Spinach Carrot Salad with Roasted Vegetables

This vibrant and nutrient-dense salad balances earthy roasted carrots with fresh baby spinach and a sharp, tangy lemon herb dressing. Topped with protein-rich pumpkin seeds and savory crumbled feta, this delicious dish works perfectly as a light lunch or a sophisticated side for your dinner table.

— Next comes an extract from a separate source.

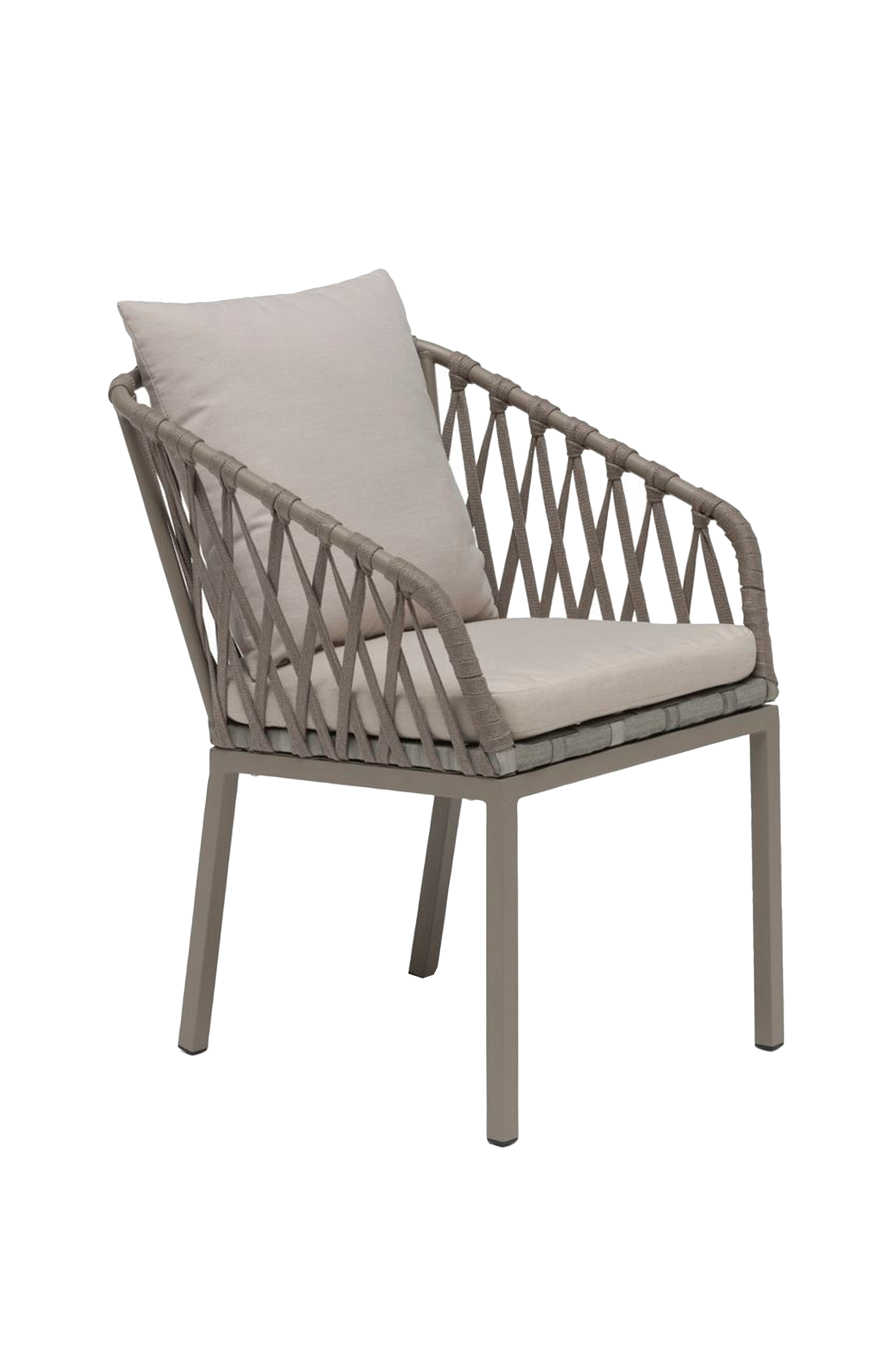 En modern och elegant matstol i Jet Set-serien. Matstolen är tillverkad av beige aluminium och beige flätade ränder av uv-tyg. Serien är designad av karl malmvall. 2 st.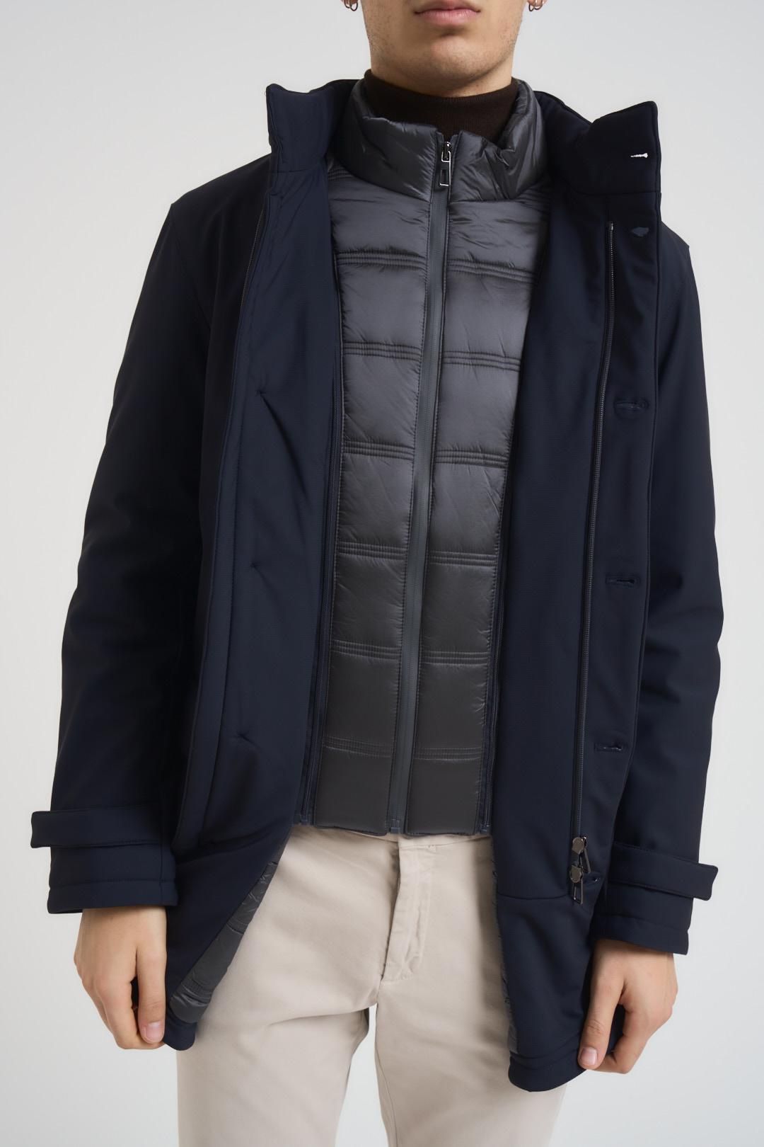 ADIMARI Giubbotto trench midi uomo blu notte. Modello collo alto con pettorina trapuntata removibile da zip, chiusura con bottoni e spacco centrale. Due tasche con pattina laterali e due a filetto sul petto laterali. Composizione: 100% poliestere. Il modello è alto 190cm e indossa la taglia L.

It is a quick, family-friendly meal that elevates simple vegetables into a professional-level culinary experience.
Prep Time 10 minutes
Cook Time 35 minutes
Total Time 45 minutes
Servings: 4 servings
Course: Lunch
Cuisine: Fusion
Calories: 280

Ingredients
  

  • 5 ounces baby spinach
  • 1 bunch carrots, sliced into medallions
  • 1/3 cup feta cheese, crumbled
  • 1/3 cup raw unsalted pumpkin seeds
  • 1/3 cup + 1 tablespoon avocado oil
  • 1/4 cup lemon juice, freshly squeezed
  • 2 tablespoons fresh parsley, finely chopped
  • Sea salt to taste

Method
 

  1. Preheat your oven to 415 degrees F.
  2. Spread carrot medallions on a baking sheet in a single layer.
  3. Drizzle with 1 tablespoon of avocado oil and season with sea salt.
  4. Toss to coat the carrots evenly.
  5. Roast for 25 to 35 minutes until golden-brown and slightly tender.
  6. Place pumpkin seeds on a baking sheet and toast in the oven for the final 5 minutes of roasting time.
  7. Whisk together the remaining avocado oil, lemon juice, and chopped parsley in a small bowl to create the dressing.
  8. Combine the spinach, roasted carrots, and toasted seeds in a serving bowl.
  9. Drizzle with the dressing and toss gently.
  10. Top with crumbled feta cheese before serving.

Notes

Ensure carrots are cut into uniform sizes for even roasting. The salad can be served warm or at room temperature. Store leftovers in an airtight container for up to 2 days, keeping dressing separate if possible to prevent wilting.